Потому и тот же «портрет» В. Астафьева А. Астраханцевым в той же мере выстроен, вычислен, вычерчен, как на чертеже, что и выписан, изображён. И потому, может быть, это и портрет самого А. Астраханцева, того, что он любит, чем восторгается и что не приемлет столь же горячо или с оговорками. Точнее, это только фрагмент автопортрета, ракурс к нему. Более полный можно найти в его замечательной по содержанию и исполнению, рассудочности и эмоциональности книге «Портреты…». В. Астафьев там лишь открывает галерею сибирских самородков в шестнадцать персон, на которые Красноярск так щедр. Но мы не будем говорить сейчас только о ней, памятуя о симбиозе двух главных книг писателя последнего десятилетия, их перетекании из очерка в прозу и обратно, о даре неразличения этих совсем не чуждых друг другу жанров. Очерк и проза тут просто две стороны одного процесса рассказывания о том, что писатель видел, чувствовал, думал, о чём захотел поведать.
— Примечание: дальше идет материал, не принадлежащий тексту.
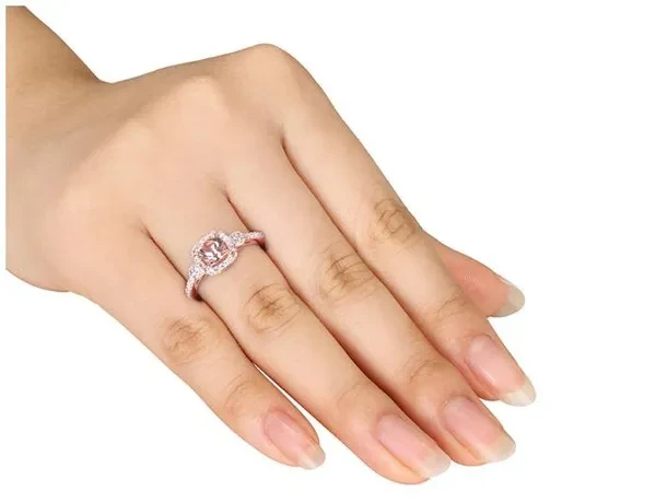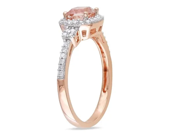 4/5 Carat (ctw) Diamond and Morganite Ring in 10K Rose Pink Gold A pink Morganite gem glows from the center of this splendid square halo ring. Glittering white diamonds cascade down the 10 karat rose gold band, bringing the total gem weight to a glamorous 0.80 carats (ctw). Beautifully crafted in 10k rose gold with a Polished Finish Stone Type: Morganite; Color: Pink; .6 CTW; Quantity: 1; Cushion Cut; Cushion Shape; Natural; Prong Setting Stone Type: Diamond; Color: G-H; Clarity: I1-I2; 0.20 CTW; Brilliant Cut; Round Shape; Natural; Prong Setting This item ships in signature jewelry box packaging, ready for gift-giving with a classic, elegant look and feel This Diamond Ring is the perfect gift for any birthday, anniversary, holidays, thank you, thinking of you, or for any reason at all SKU: 08DLG43118MO-P

Причём сейчас же, тотчас, пока не остыло, не умерло, не исчезло: потом уж, постфактум, посмотрим, что же в итоге получилось.
2.
Антимужчина и антиженщина
Трудно, не расспросив самого А. Астраханцева, утверждать, существует ли прототип Кати Ивановой, героини романа «Антимужчина» из одноимённой книги. Скорее всего, писатель бы ответил, что образ это собирательный, тип женщины, «выбившейся из самых низов», «совершенно одна, без чьей-либо помощи и поддержки», она добивается «в жизни определённого успеха». Но почему бы не предположить, что это «литературный портрет» кого-то, кто укрыт под «личиной» Кати, настолько живо и цельно она выглядит. Уж не Виктор ли Петрович Астафьев это, его «женский вариант»? Слишком много родственного у этих двух «самородков»: та же неуёмная сила, целеустремлённость, огромное трудолюбие, но и гордость, нецензурность слов и поступков, и тут же — мужественность, философия победителя, эгоизм плохой и хороший, и ещё успешность, известность, слава, наконец. Удивительно сходно с астафьевским и детство Кати: деревенские корни, пьющий беспутный отец, городская горемычная жизнь в бараке, заставляющая идти учиться в училище — рассадник подростковой жёсткости на грани уголовщины, и при всём этом — тяга к книге, культуре, интеллигентности, всё более явная.
Жизнестойкость в Кате, её готовность к борьбе за себя и своё место в жизни крепнут от поступка к поступку. Накапливаемый капитал деяний, вроде угрозы ножом матери в ответ на её «педагогику» побоев или вызволения друга Лёхи из милиции беременностью с помощью подушки, дадут хорошие дивиденды, сомнений в этом ни у читателя, ни у Таси, подруги Кати, нет. Но именно её присутствие, ежестраничное, комментирующее, поскольку от её лица ведётся рассказ, превращает роман в репортаж, сплав большого-пребольшого интервью с героиней и очерка о ней. Это чувствуется с самого начала произведения, да и сама Тася с первых же страниц заявляет, что «всё изложенное далее — не свободный полёт фантазии, не гимн, воспевающий подругу», а «своеобразное исследование» уже известного типа женщин. А её комментарии по ходу этого строго придерживающегося «хронологической канвы» повествования проясняют любую возможную в нём неясность, делая его романом «по умолчанию», без всех тех сложностей с идеологическим обеспечением, которые обычно ассоциируются с этим монументальным жанром. Не считать же таковым далеко не новую утопию об «установлении господства над мужчинами», которым милостиво позволяется заниматься хозяйством и домоводством, а политика, экономика, образование, общественная жизнь — в руках у женщин. При этом безнадёжно агрессивные ссылаются ими на необитаемые острова, Республика Свободных Женщин должна базироваться только на разуме, деловитости и энергичности этих учредительниц неоматриархата.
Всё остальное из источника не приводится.